Au cours d’une réunion avec les maires d’Île-de-France, Valérie Pécresse, Présidente de la Région Île-de-France, Stéphane Beaudet, Président de l’Association des Maires d’Île-de-France (AMIF) et Geoffroy Didier, Président de l’EPFIF et vice-président chargé de l’attractivité, du logement et de la rénovation urbaine, ont demandé au Président de la République, d’intégrer dans le prochain projet de loi sur le logement, un dispositif législatif  pour lutter contre les « marchands de sommeil » dans les zones pavillonnaires.

Ces propositions sont issues d’un groupe de travail animé par Geoffroy Didier, à la demande de Valérie Pécresse ; il était composé d’experts en droit public, de professeurs d’université, de maires, de représentants de l’EPFIF et de victimes de marchands de sommeil.

Elles visent à :

- Priver les marchands de sommeil de leurs ressources financières, en établissant un nouveau régime légal d’expropriation de leurs biens, en étendant le fichage des marchands de sommeil aux SCI (Société Civile Immobilière) pour les empêcher d’échapper à l’autorité judiciaire ou de se déclarer en faillite personnelle, en leur interdisant légalement d’acquérir d’autres biens à louer ;

- Déloger le délinquant plutôt que la victime, en créant un nouveau type de préemption, permettant aux maires d’acquérir un pavillon susceptible d’être acheté par un marchand de sommeil ou en systématisant la confiscation des biens immobiliers utilisés par les marchands de sommeil en cas de condamnation judiciaire ;

- Simplifier le droit pour pouvoir agir rapidement et avec force, en simplifiant la loi ALUR et ses régimes d’autorisations trop nombreux et en simplifiant les règles de construction pour mieux encadrer la division pavillonnaire.

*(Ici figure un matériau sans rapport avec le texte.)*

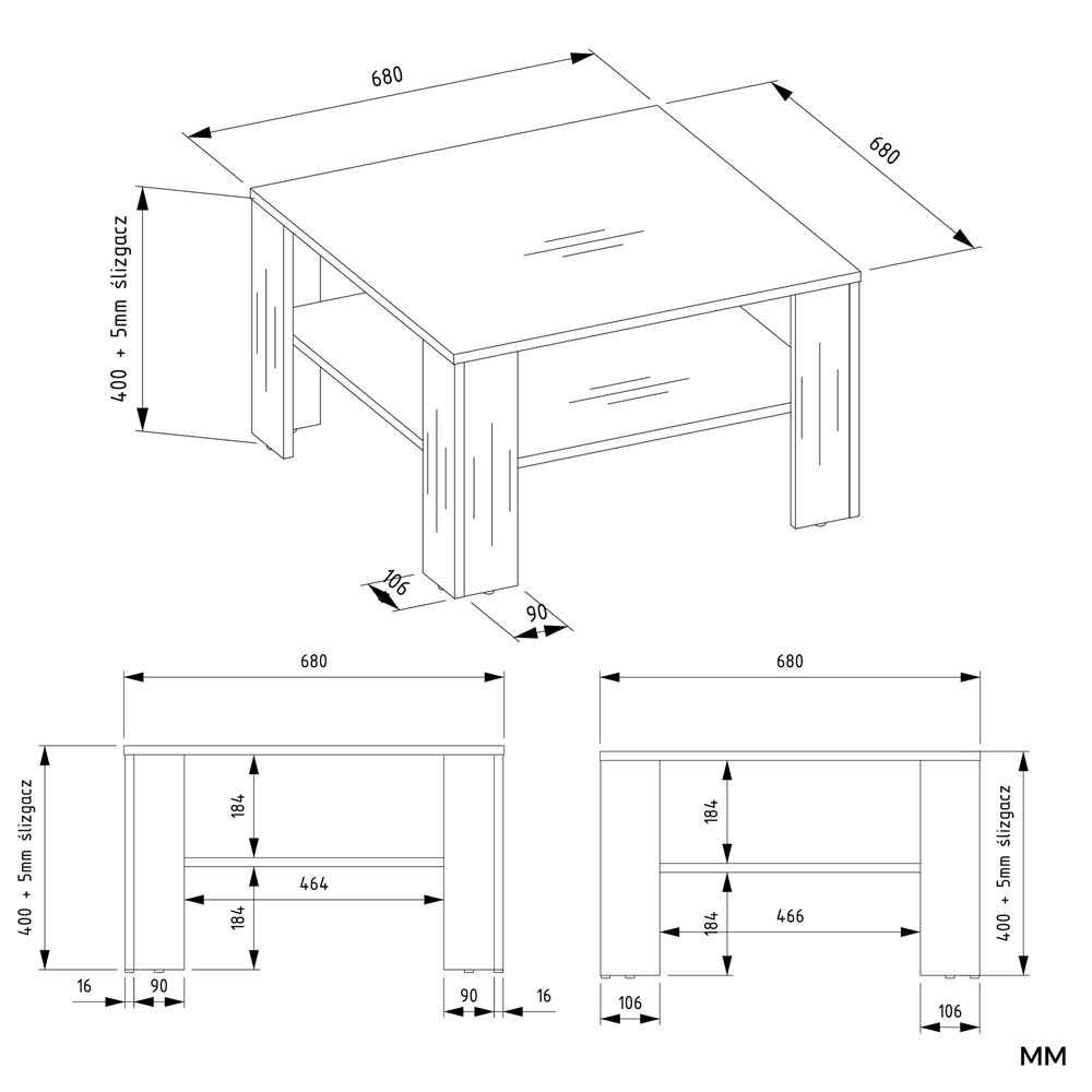 Stolik Kawowy Z Półką Pod Blatem SQUARE DĄB ARTISAN CZARNY Ława Do Salonu Pokoju

La Région Île-de-France et l’AMIF demandent à l’Etat la mise en place d’une police régionale contre les marchands de sommeil chargée de repérer leurs agissements, de dresser les constats sur le terrain et d’engager les procédures judiciaires et fiscales indispensables. Elles proposent qu’elle soit déployée de manière pilote en Île-de-France afin de servir de territoire d’expérimentation dans la lutte contre ce fléau.

Dès son élection en décembre 2015, Valérie Pécresse a été alertée par de nombreux maires sur le développement de l’activité des marchands de sommeil en Île-de-France. Dans certaines communes, ce ne sont pas seulement des maisons mais des rues entières voire des quartiers, qui sont touchés par ce phénomène. Les maires se retrouvent désarmés pour lutter face à une délinquance organisée qui profite de la misère humaine et de l’absence de lois. Ce phénomène menace également l’attractivité des territoires et la vie des quartiers.

En chiffres :

• Le logement indigne représente 5% des résidences principales privées en Ile-de-France, soit 180 000 logements.

• En Seine-Saint-Denis, une maison sur 100 a fait l’objet d’une division entre 2003 et 2013. Dans certaines communes, la division pavillonnaire peut représenter jusqu’à 40% de l’offre.

• Les loyers pour ces logements atteignent des montants indécents : 650€/mois pour 15m² à Pierrefitte-sur-Seine, 600€/mois pour 16m² à Stains.